WHAT NEEDS TO BE DONE =>
Leave out the pictures and give back all the entries exactly as written.
━━━━━ INPUT DATA ━━━━━
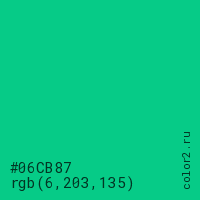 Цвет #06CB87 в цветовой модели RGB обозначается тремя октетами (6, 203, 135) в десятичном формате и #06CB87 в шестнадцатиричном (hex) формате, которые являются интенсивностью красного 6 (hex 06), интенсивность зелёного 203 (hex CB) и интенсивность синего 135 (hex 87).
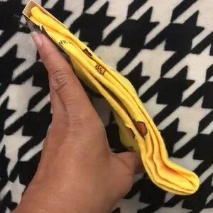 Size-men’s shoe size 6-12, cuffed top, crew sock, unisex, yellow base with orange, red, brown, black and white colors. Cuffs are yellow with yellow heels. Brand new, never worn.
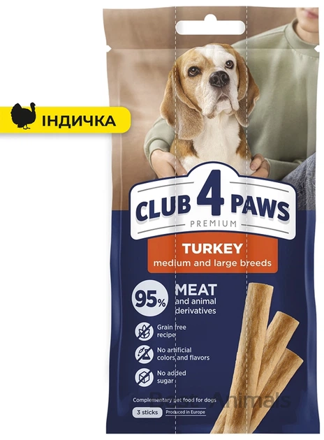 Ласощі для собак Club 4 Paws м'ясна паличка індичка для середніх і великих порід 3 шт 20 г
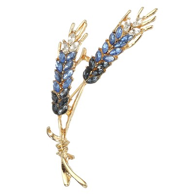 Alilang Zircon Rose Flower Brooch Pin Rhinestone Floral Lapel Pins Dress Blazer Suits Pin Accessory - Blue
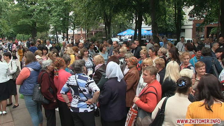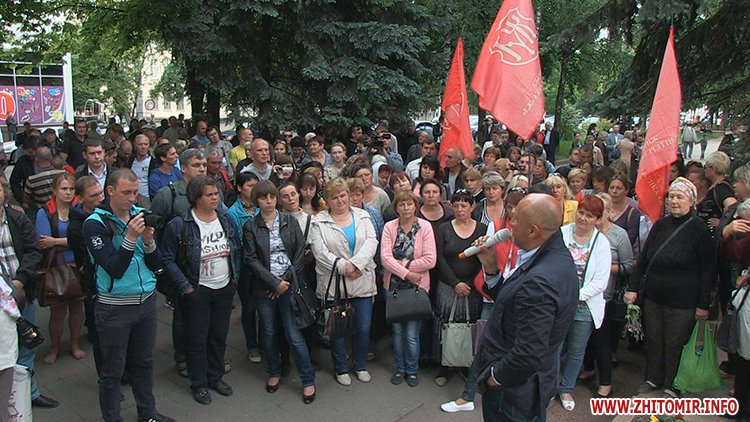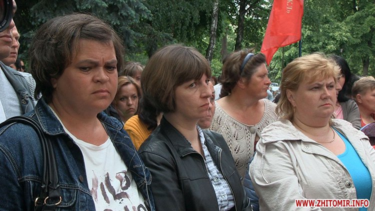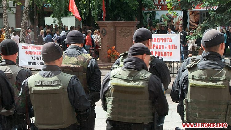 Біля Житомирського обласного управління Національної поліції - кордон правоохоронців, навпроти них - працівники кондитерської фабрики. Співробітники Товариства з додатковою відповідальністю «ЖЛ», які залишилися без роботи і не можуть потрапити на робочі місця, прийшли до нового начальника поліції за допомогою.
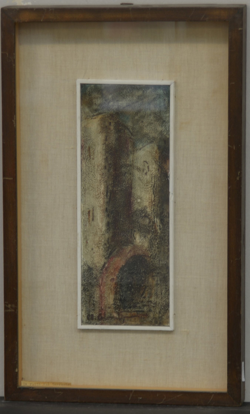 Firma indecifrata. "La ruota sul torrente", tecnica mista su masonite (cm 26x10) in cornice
━━━━━
ANSWER TO THIS EXERCISE =>
 Цвет #06CB87 в цветовой модели RGB обозначается тремя октетами (6, 203, 135) в десятичном формате и #06CB87 в шестнадцатиричном (hex) формате, которые являются интенсивностью красного 6 (hex 06), интенсивность зелёного 203 (hex CB) и интенсивность синего 135 (hex 87).
 Size-men’s shoe size 6-12, cuffed top, crew sock, unisex, yellow base with orange, red, brown, black and white colors. Cuffs are yellow with yellow heels. Brand new, never worn.
 Ласощі для собак Club 4 Paws м'ясна паличка індичка для середніх і великих порід 3 шт 20 г
 Alilang Zircon Rose Flower Brooch Pin Rhinestone Floral Lapel Pins Dress Blazer Suits Pin Accessory - Blue
 Біля Житомирського обласного управління Національної поліції - кордон правоохоронців, навпроти них - працівники кондитерської фабрики. Співробітники Товариства з додатковою відповідальністю «ЖЛ», які залишилися без роботи і не можуть потрапити на робочі місця, прийшли до нового начальника поліції за допомогою.
 Firma indecifrata. "La ruota sul torrente", tecnica mista su masonite (cm 26x10) in cornice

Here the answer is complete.